景明帝淡淡應了一聲,復又看向剩下的宮人,一個個嚇得面無人色,如鹌鹑也似,哆哆嗦嗦地埋著頭,恨不得把自己縮進地縫裡,景明帝那雙銳利的眼睛掃過他們,道:“經手過這些糕點的,都有哪些人?”
一時間,竟無人敢回答,景明帝擺了擺手,道:“既然如此,都拉出去,先各杖五十,留一口氣問話。”
但凡宮中行杖罰的太監,手上都有些功夫在,譬如那些要杖斃的,十幾棍子就能打死,表面還看不出什麼傷來,有那犯了錯,罪不至死的,打個三五十棍子,皮開肉爛,內裡卻是好的,若像景明帝吩咐的這種,隻留著一張嘴問話,那能把人半個身子都打成泥了,求生不得,求死亦不能。
那些宮人都慌了,連忙互相指認起來,又推出三個宮婢,可那三人都不肯承認,哪怕挨了幾十板子,鮮血淋漓的,也各個都咬緊了牙關受著。

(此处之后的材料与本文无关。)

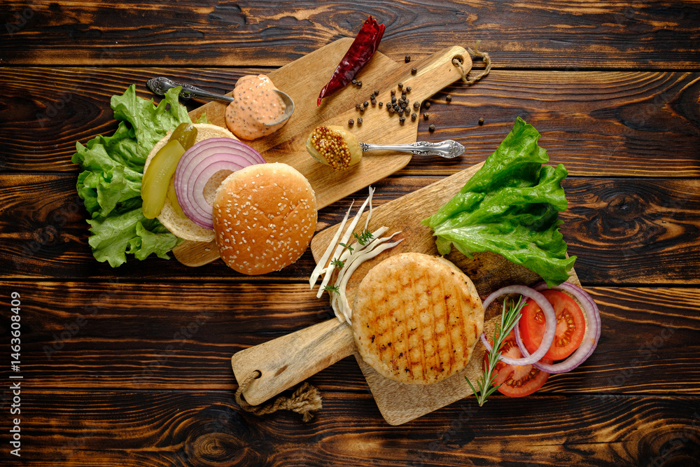 Fresh vegetables and condiments lie on wooden boards, ready for crafting flavorful gourmet burgers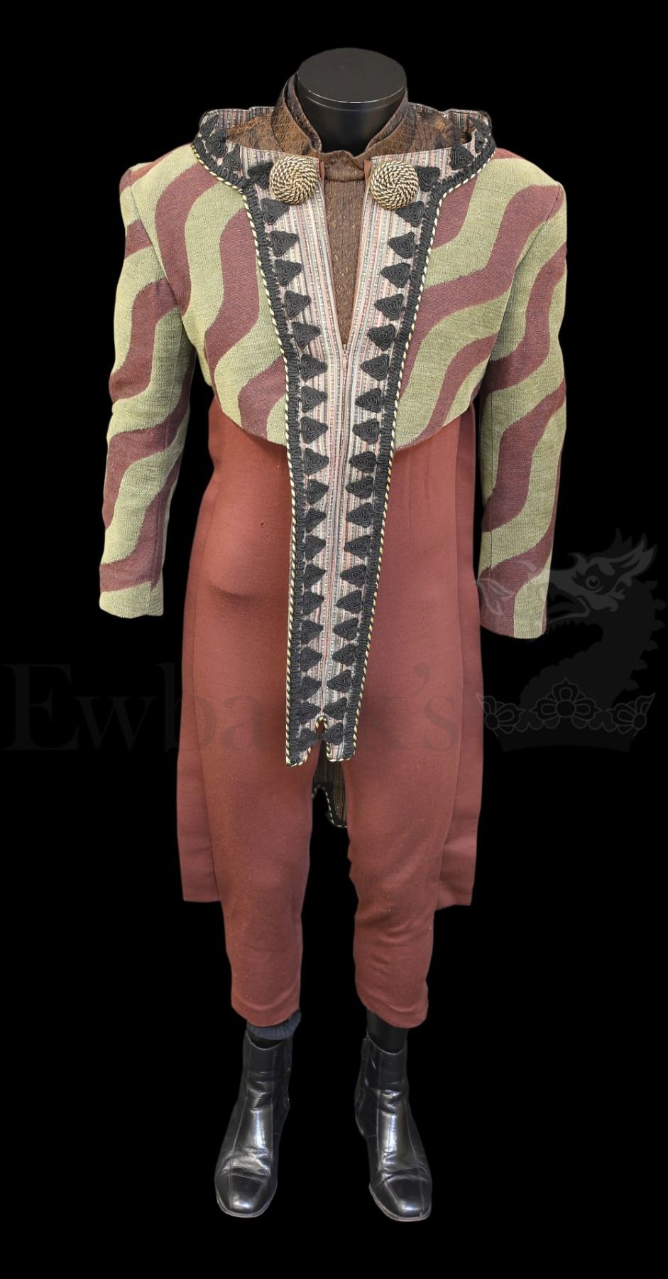 † Star Trek Deep Space Nine (1993) 'Nava' (Barry Gordon) Ferengi Costume from the episode 'The Nagus'. Comprises of a full-length sleeveless brown jumpsuit with stirrups for the feet, a reflective bronze-colored dickie that attaches to the jumpsuit via Velcro, a long-sleeved jacket in a pattern of olive-green and burgundy wavy lines, a multi-coloured striped portion that goes down the front and around the back and a Ferengi head wrap the colour of the dickie but with the black accents of the jacket. Sewn in tag reads ‘Deep Space Nine, Barry Gordon' and a costumer’s tag reads ‘DS9 411, Nava, Barry Gordon’. Please note that VAT is payable on top of the hammer price at 20% in addition to standard buyers premium inc. VAT for this lot.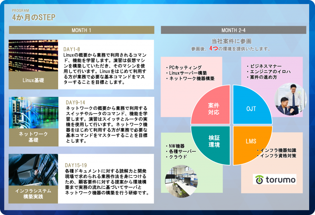 19日間の座学研修でITインフラの基礎(ネットワーク/サーバー)を学びます。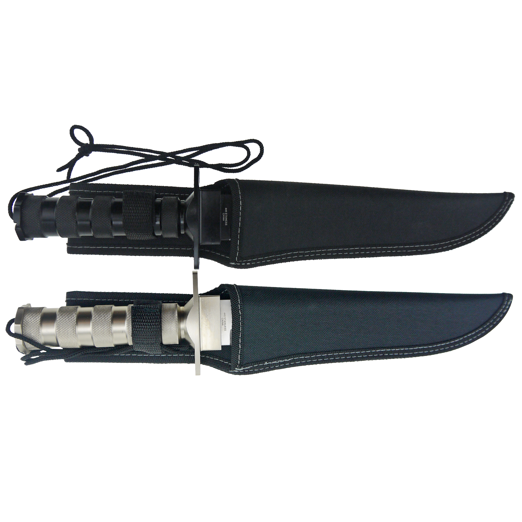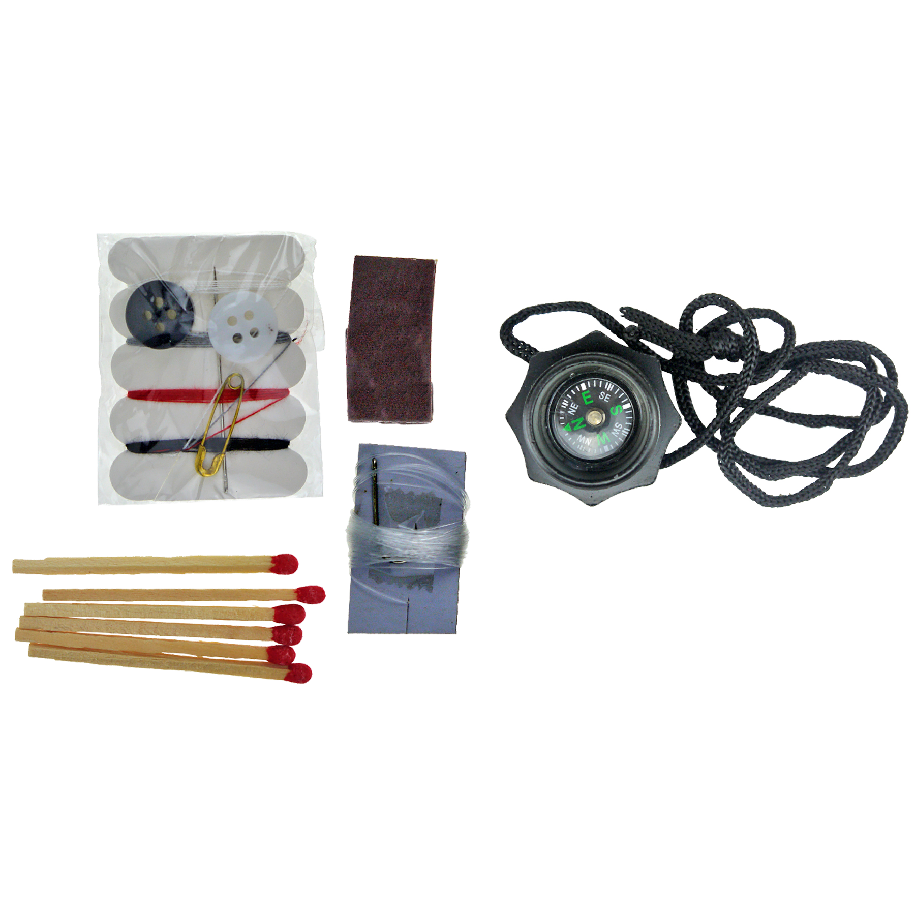 - Includes: Knife, Sheath, Compass with lanyard, Sewing Kit, Flint, Fishing Nylon String with hook, and Matches.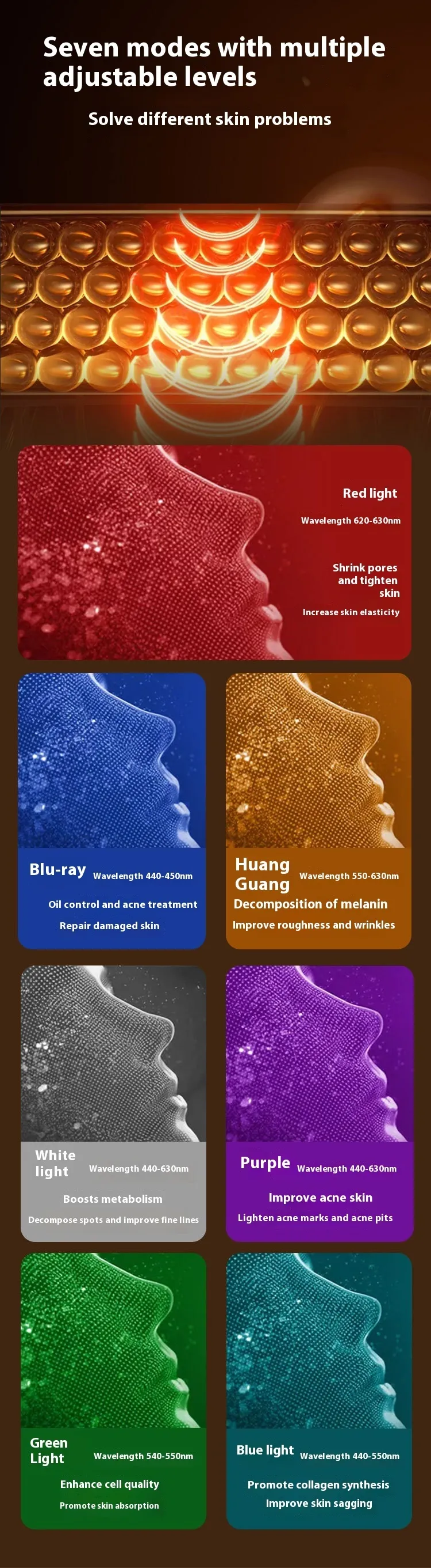 - Red Light: Helps reduce wrinkles, stimulates collagen production, and enhances skin elasticity.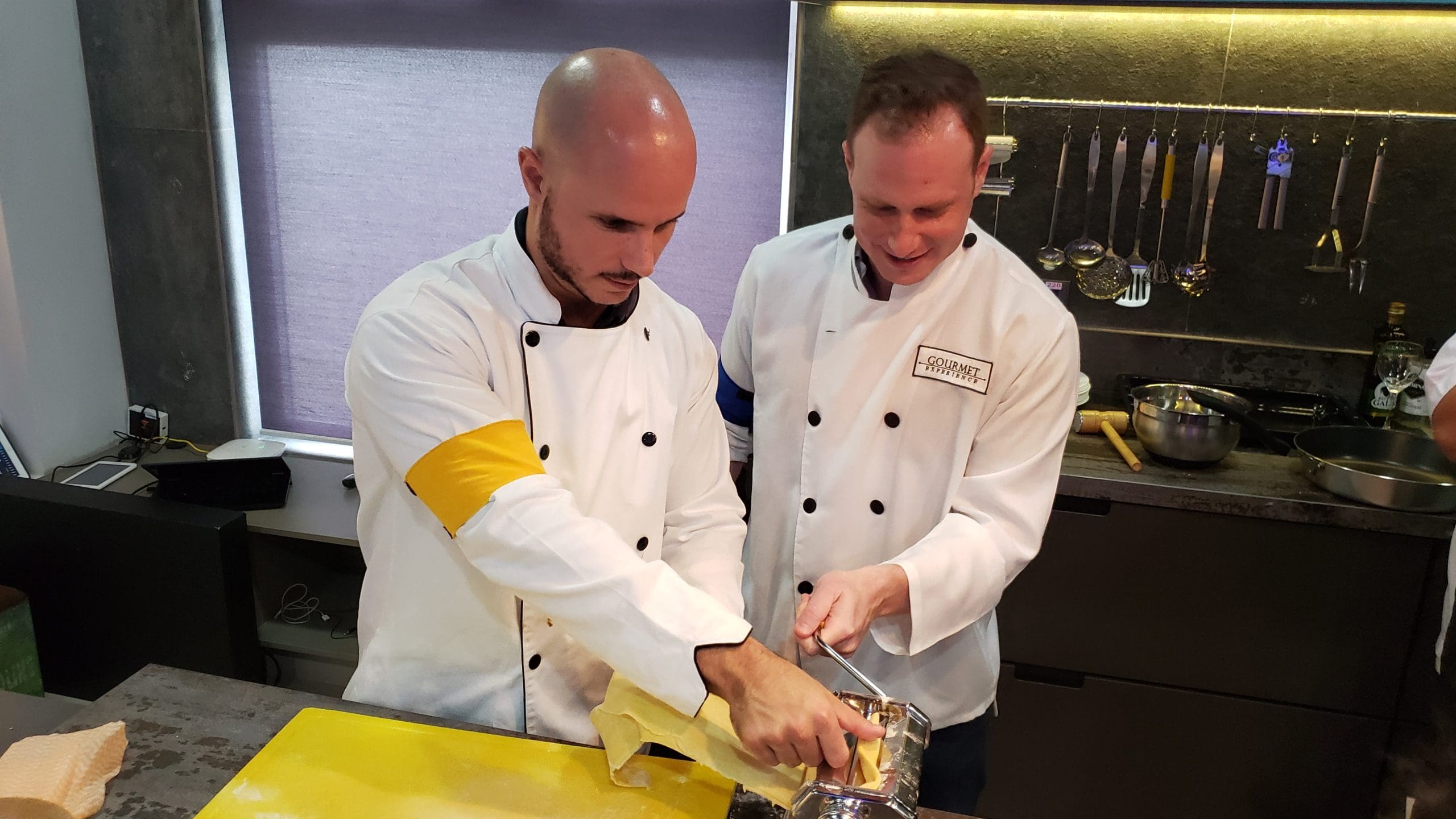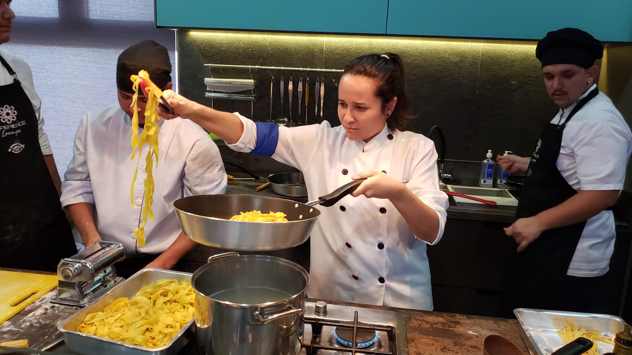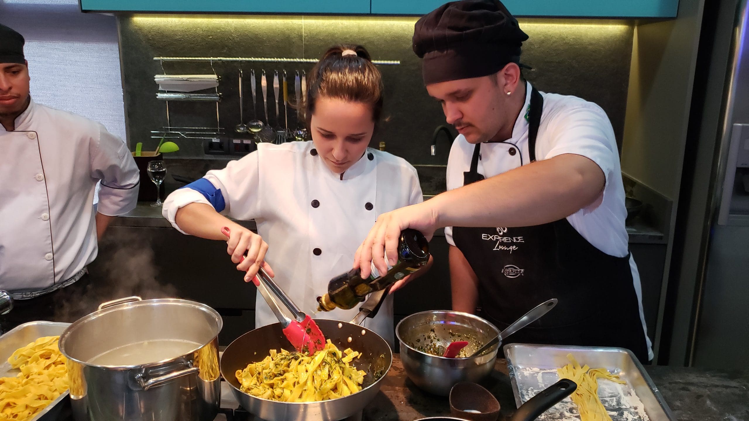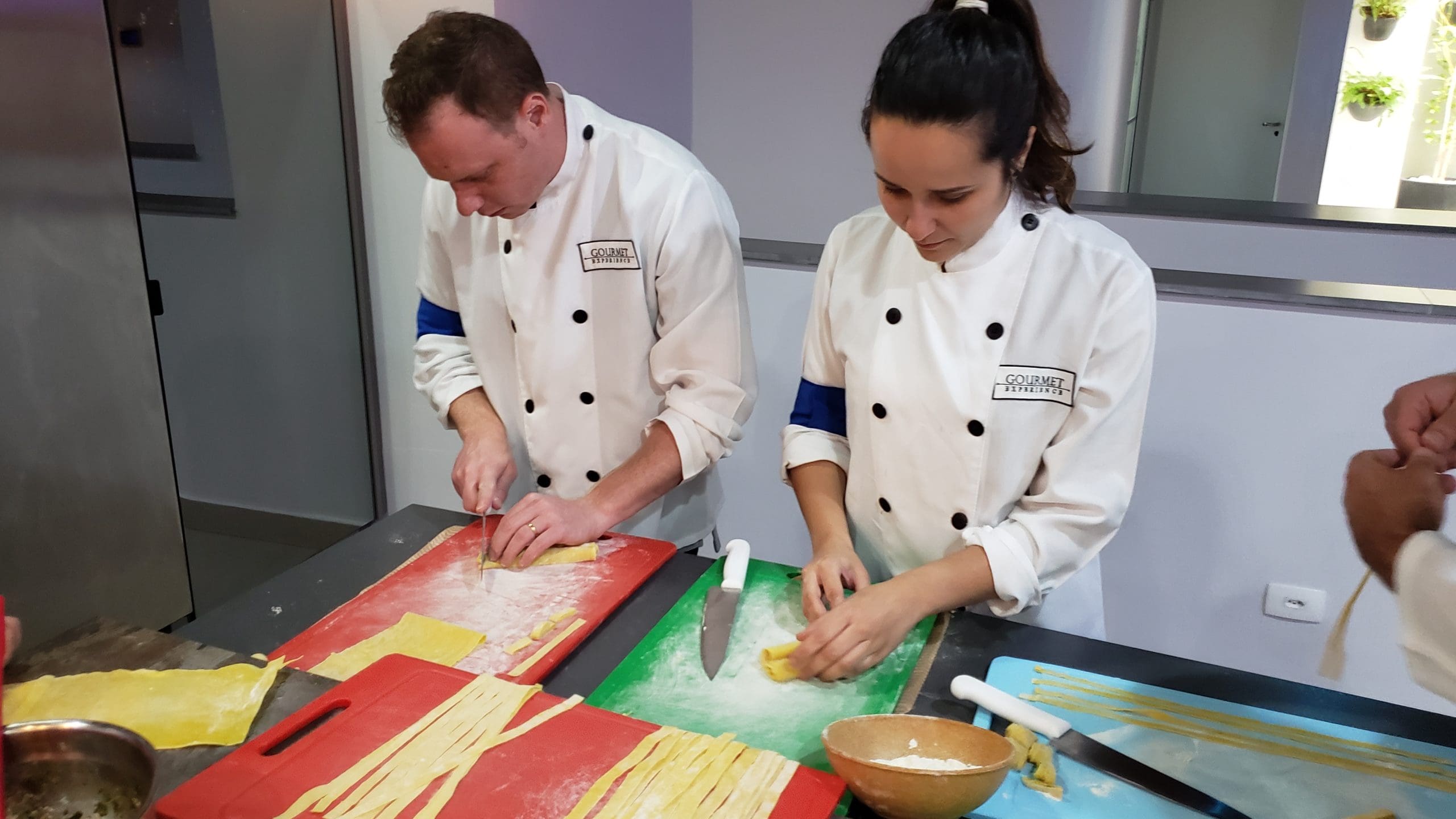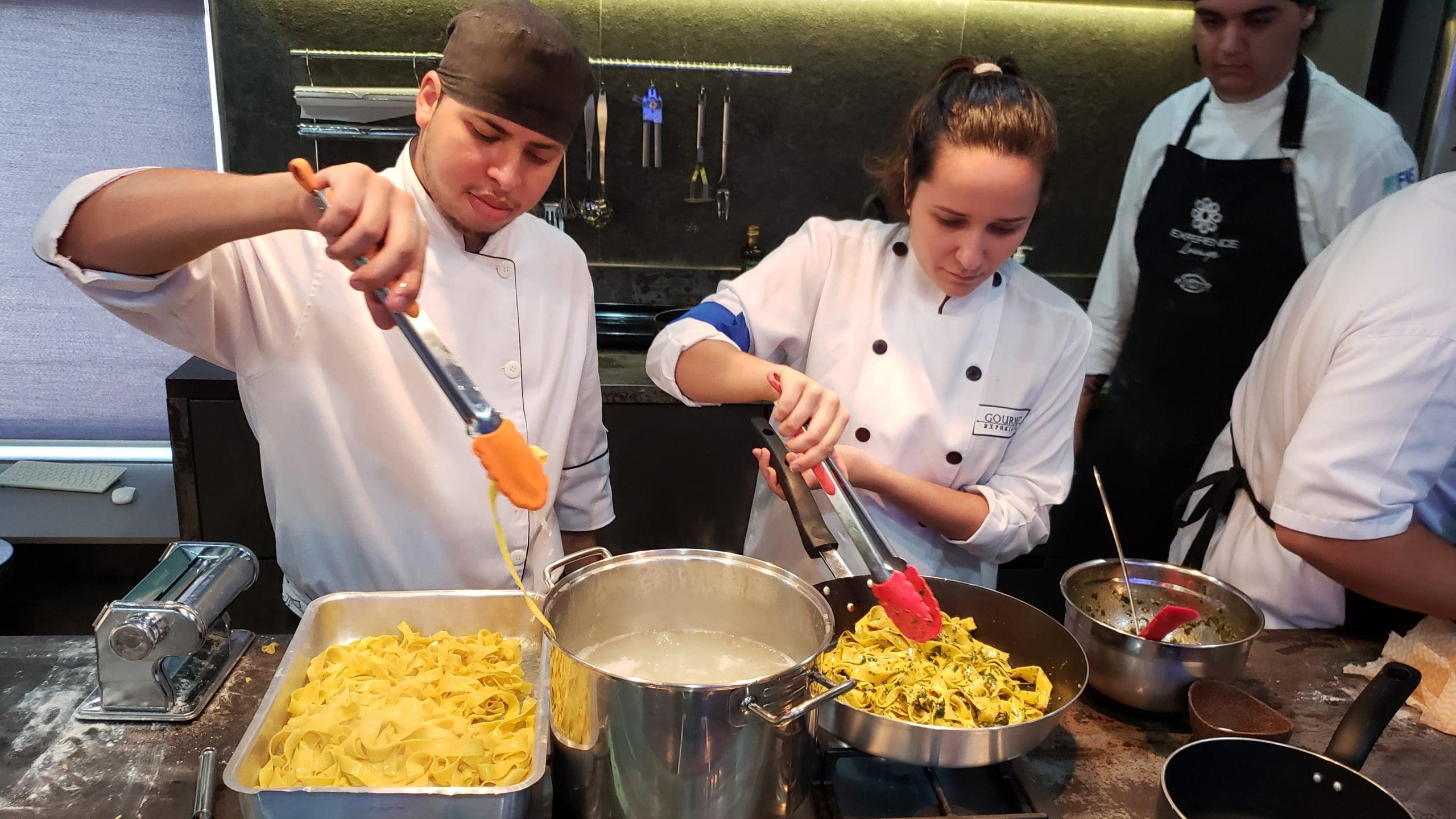 Após as instruções, os participantes vestiram os dólmãns e se dividiram em três grupos para produzir a entrada, o prato principal e a sobremesa, exatamente como acontece em uma cozinha profissional.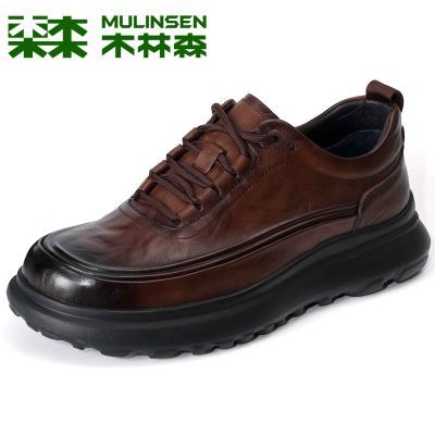 百亿补贴:木林森男鞋2025秋季新款牛皮商务运动鞋厚底英伦雅痞休闲皮鞋男士

眼看景明帝的臉色愈發難看,黎枝枝忽然道:“啟稟皇上,臣女有一個辦法。”
此言一出,所有人的目光都聚集在她身上,景明帝問道:“什麼辦法?”
黎枝枝不緊不慢地道:“前不久,有一位朋友贈臣女秘藥,服之可使人口吐真言,問話必答,絕不會有半個假字,依臣女之見,可以讓她們服下此藥,一問便知真假。”
聞言,景明帝眉頭動了一下,道:“南疆秘藥?”
黎枝枝面露訝異:“皇上知道?”
景明帝應了一聲,頷首道:“許多年前,南疆王曾經上貢了一枚。”
他沒有多說,但是聽在眾人耳中,便知確有其藥,霎時間,有人大松一口氣,也有人暗自提起了心,惴惴不安,景明帝對黎枝枝道:“既然你有此藥,便去取來吧。”
黎枝枝領了旨意,立即命人回公主府取藥,不多時復返,她手裡便多了一個小竹筒,正是當初楊珺臨走時贈她的秘藥,然而裡面隻有一顆,眼下跪了這麼多人,無論如何都不夠分的。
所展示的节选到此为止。